La sostenibilità ambientale non preclude quella economica. Come tutti, anche Noemi e Nicola devono far quadrare i conti; ciò che rende il loro progetto non un’aspirazione utopica ma una realtà è il fatto che nella struttura della loro attività abbiano saputo inserire con successo il fattore mercato, di cui sono protagonisti su tutta la filiera.
“La sfida oggi è riuscire a fare questo tipo di agricoltura e riuscire a pagare le spese di una famiglia, senza arrivare necessariamente alla grossa azienda agricola. Riusciamo con piccoli investimenti a ricavare un reddito. Una piccola fattoria familiare economicamente sostenibile deve fare attenzione alle tecniche che usa, alla razionalizzazione del lavoro e a nuove strategie di marketing: devi essere un artigiano a tutto tondo, seguire tutte le fasi della produzione.”

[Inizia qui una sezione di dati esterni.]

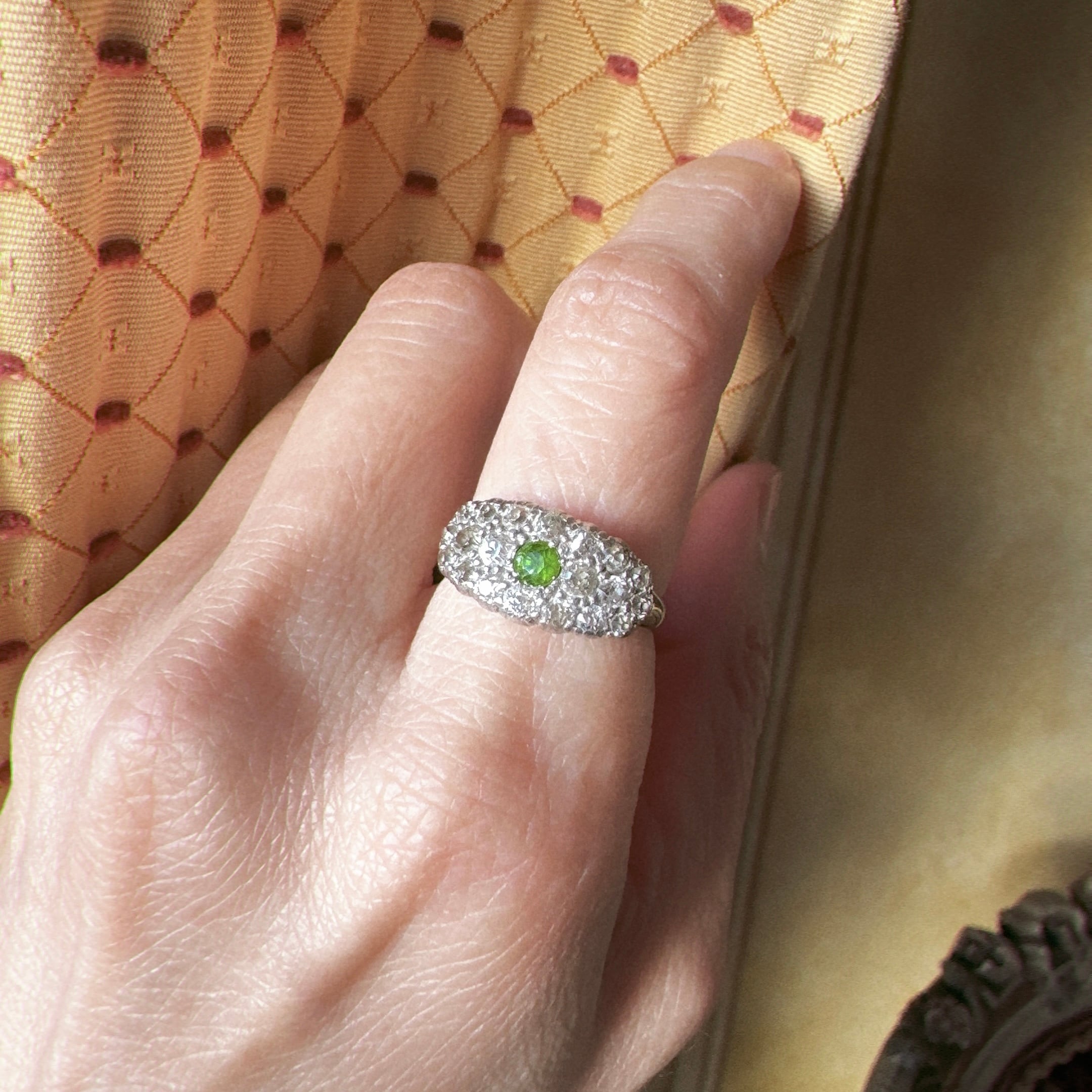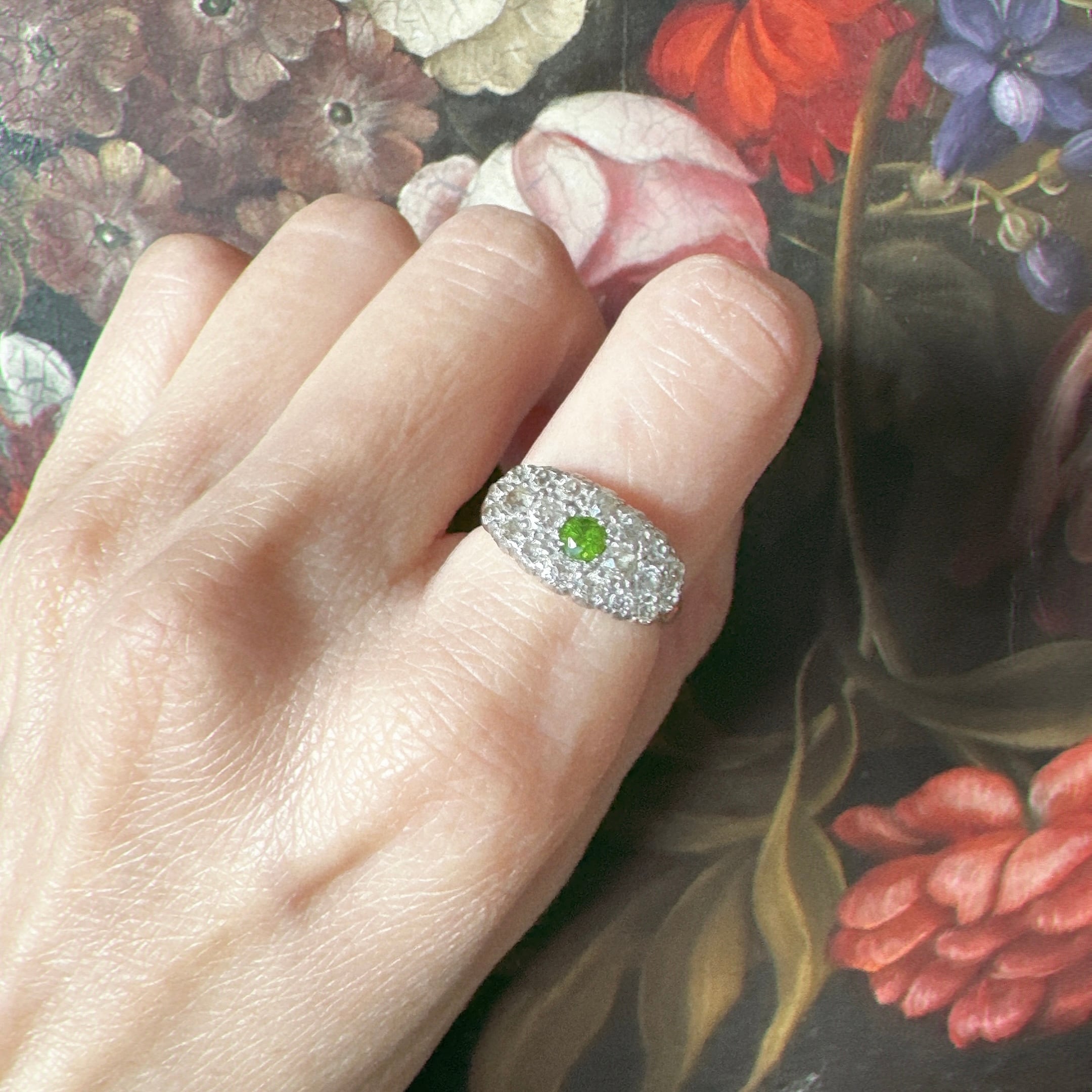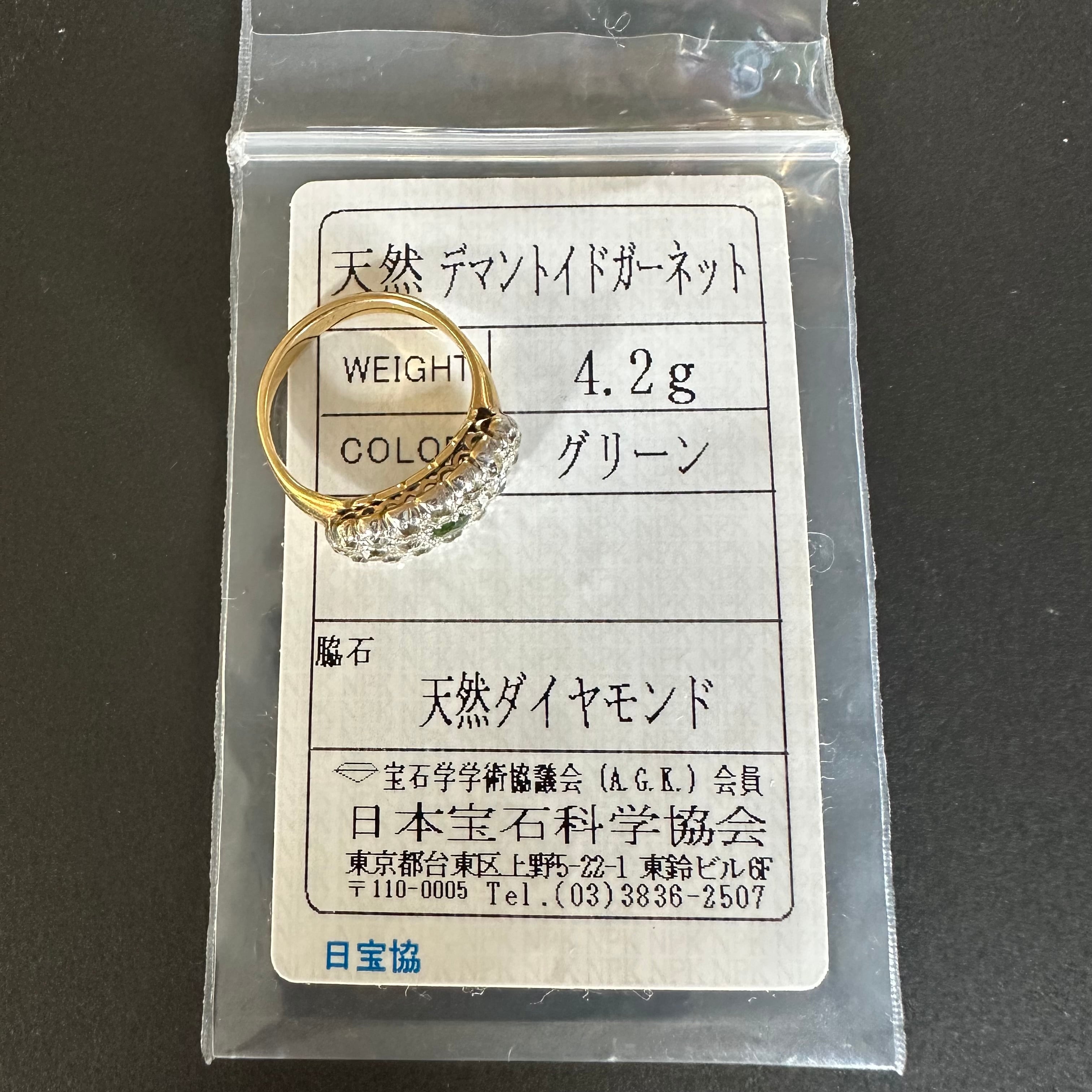 デマントイドガーネットであること、オールドカットダイヤモンドであること、そのどちらもが静かに、しかし確かに、このリングの価値を物語っています。
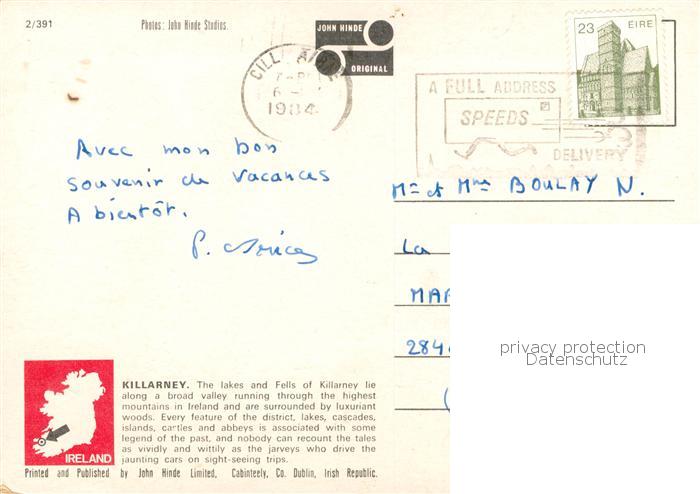 old postcard Killarney Kerry Ireland Landschaftspanorama Golfplatz postalisch gelaufen Erhaltung siehe scans [FriedD77]
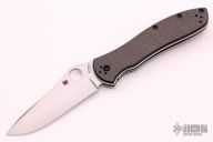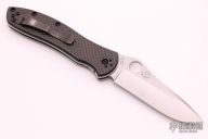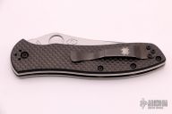 This Bradley2 liner lock folder by Spyderco features a satin finish blade with thumb hole. Carbon fiber pattern G-10 scales, polished stainless steel liners, and black coated stainless steel pocket clip, tip up carry, 4 way reversible. Strong lock up, nice detent and blade seating is center. Excellent condition. Comes with original box and papers.
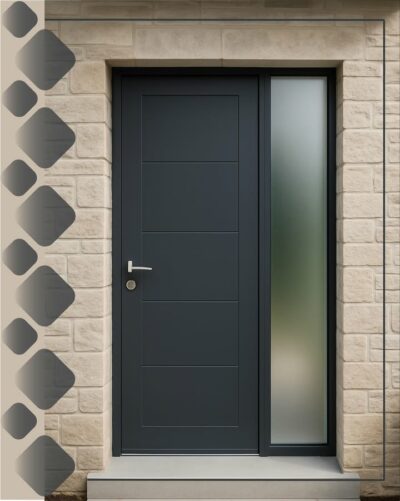 Alliez design et sécurité avec cette porte d’entrée en aluminium gris anthracite, parfaitement intégrée à une façade en pierre moderne.
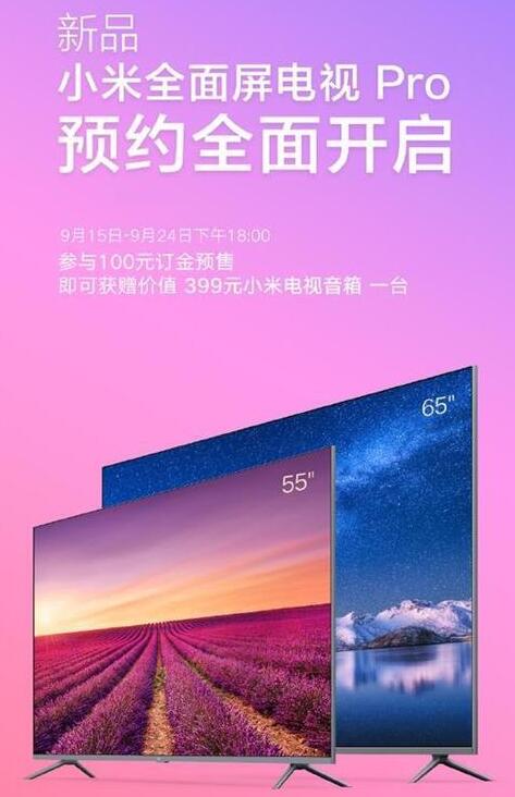 小米全面屏電視Pro也并不陌生,中秋節期間已在小米線下門店亮相,9月15日-24日18點00參與100元訂金預售還能獲贈價值399元的小米電視音箱一臺。

“Io ho una partita IVA agricola perciò ho sgravi fiscali ma non posso accedere ai finanziamenti europei, quindi noi abbiamo una sostenibilità economica dettata esclusivamente da quello che riusciamo a produrre e commercializzare.
L’obiettivo fondamentale di questo ciclo produttivo è il rapporto diretto col consumatore, la creazione di una rete locale e un maggiore coinvolgimento delle famiglie nella pianificazione delle semine
“Noi vendiamo direttamente a famiglie della zona, per cui non abbiamo bisogno della certificazione biologica perché le persone vengono qua tutti i giorni e vedono come coltiviamo. Addirittura, noi scegliamo con loro che cosa coltivare. Vendiamo cassette pre-fatte e miste così le persone acquistano quello che l’orto dà in quel momento. Questo metodo funziona molto bene perché non c’è scarto e i nostri prezzi sono più bassi del biologico che trovi in giro. Inoltre la varietà di ortaggi è ampissima e nel rapporto diretto con il consumatore si possono scambiare ricette e riscoprire la cura per l’alimentazione. ”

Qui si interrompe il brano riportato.